Yes, DOOH is effective for small businesses in Kenosha because programmatic buying allows low test budgets ($1,500 to $3,000), precise geo and daypart targeting, and measurable foot-traffic lift. A Kenosha retailer, restaurant, or service business can concentrate impressions around its trade area, for example near Pleasant Prairie outlets or along a Pershing Boulevard retail stretch, and time creative to peak shopping dayparts. Because DOOH creative is cheap to produce and change, small advertisers can test multiple messages quickly. AdQuick's buying and low minimums make it practical for Kenosha SMBs to run and measure a campaign without an agency.
DOOH complements CTV (connected TV) and digital display rather than replacing them. DOOH reaches Kenosha audiences in shared public environments along I-94, in retail zones, and downtown, building broad frequency and brand awareness without the ad-blocking, fraud, and viewability issues that affect online display.
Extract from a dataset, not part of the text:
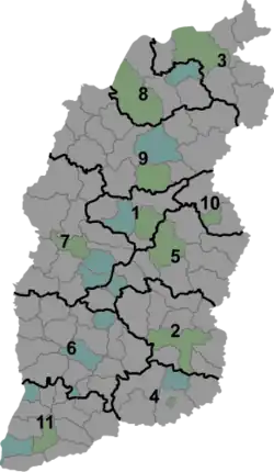| 9 | Sin-čou | 忻州市 | Xīnzhōu Shì | Sin-fu | 3 067 501 | |

CTV delivers sight-sound-motion in the home; digital display delivers cheap, targetable web impressions. DOOH offers the highest visibility and trust of the three but with less one-to-one targeting. A coordinated Kenosha plan often pairs DOOH for reach with CTV and display for retargeting. AdQuick can extend DOOH exposure to mobile retargeting audiences, bridging out-of-home and digital channels.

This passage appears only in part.